Year After Year, IBM and CEO Rometty Disappoint
Quarter after quarter, year after year, the International Business Machines Corp. (NYSE: IBM) turnaround is promoted by the company and CEO Virginia Marie “Ginni” Rometty. Occasionally, revenue and income show the most modest of progress, and then IBM takes a step back again. This is the story of the company’s first quarter.
IBM’s numbers helped squander a strong stock market performance in 2019. It was the second-best performing Dow Jones industrial average stock until yesterday, up 27.7% to $145.14. The Dow was up 13.4% over the same period to 26,452.66. Tech superstar Apple was up 26.3% to $199.21. It would have been hard to find anyone last year who would have forecast this kind of surge in IBM.

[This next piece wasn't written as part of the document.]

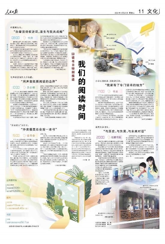 閱讀是什么?是一頁(yè)一卷,傳承千年文脈;是出行忙碌,隨身攜帶的星辰大海;是廣袤山鄉(xiāng),指引孩子們成長(zhǎng)的燈塔;也是靜謐時(shí)光,陪伴無(wú)數(shù)個(gè)日夜的詩(shī)和遠(yuǎn)方……第二十九個(gè)世界讀書日,我們關(guān)注多種多樣的閱讀時(shí)間,這些鮮活的場(chǎng)景展現(xiàn)著當(dāng)下人們閱讀生活的方方面面。讓我們從不同行業(yè)、不同年齡的讀者視角,感受文明的印記,見(jiàn)證時(shí)代進(jìn)步的力量。

IBM’s improved stock price was based on the belief that its cloud computing and artificial intelligence businesses would offset and then run ahead of the lackluster performance of its legacy hardware, software and consulting businesses. IBM has proposed time after time that it could compete with market leaders Amazon and Microsoft. Rometty pressed the case at conferences, in media interviews and via a drumbeat of press releases about how well the company has done in these sectors.
Rometty has had plenty of time. She has been chief executive since January 2012. Much of her support has come from the board of directors, many of whom joined before she was elevated. Those board members have stuck with her far too long, in the minds of many investors who have grasped for financial improvement.

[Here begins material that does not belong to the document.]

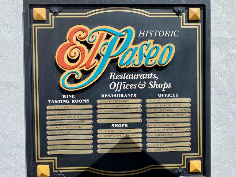 I rarely have reason to visit the El Paseo complex, directly behind Casa De La Guerra, but whenever I do, I’m just delighted by it. I can still remember the first time I wandered in from Anacapa, feeling like an explorer as I turned this way and that, ultimately ending up on State Street. It’s fantastically fun architecture. So much of the charm of downtown lies not just in the preserved architecture but in the porousness, something you don’t see much of in the United States.

Rometty’s comments are nearly the same every quarter when IBM releases its earnings:
In the first quarter, our cloud revenue growth accelerated, and we again grew in key, high-value areas in Cloud and Cognitive Software and in consulting. IBM’s investments in innovative technologies coupled with our industry expertise and our commitment to trust and security position us well to help clients move to chapter two of their digital reinvention.
This statement could not mask the drop in revenue that has become an IBM hallmark. The revenue declined from $19.1 billion in the first quarter of last year to $18.2 billion. Earnings fell from $1.82 per share to $1.79.

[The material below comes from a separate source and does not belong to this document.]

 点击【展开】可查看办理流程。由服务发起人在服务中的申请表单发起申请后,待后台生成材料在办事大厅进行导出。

Most notably, the division of the company that management said would thrive did not. Cloud & Cognitive Software revenue was $5 billion, down 2%. This includes the businesses critical to IBM’s turnaround: cloud and data platforms, cognitive applications and transaction processing platforms. Many investors expected IBM to lift its earnings forecast for the year. It did not.
IBM’s earnings results show that it has returned to its pre-turnaround days. Investors have waited for years, but it appears that wait could be years longer.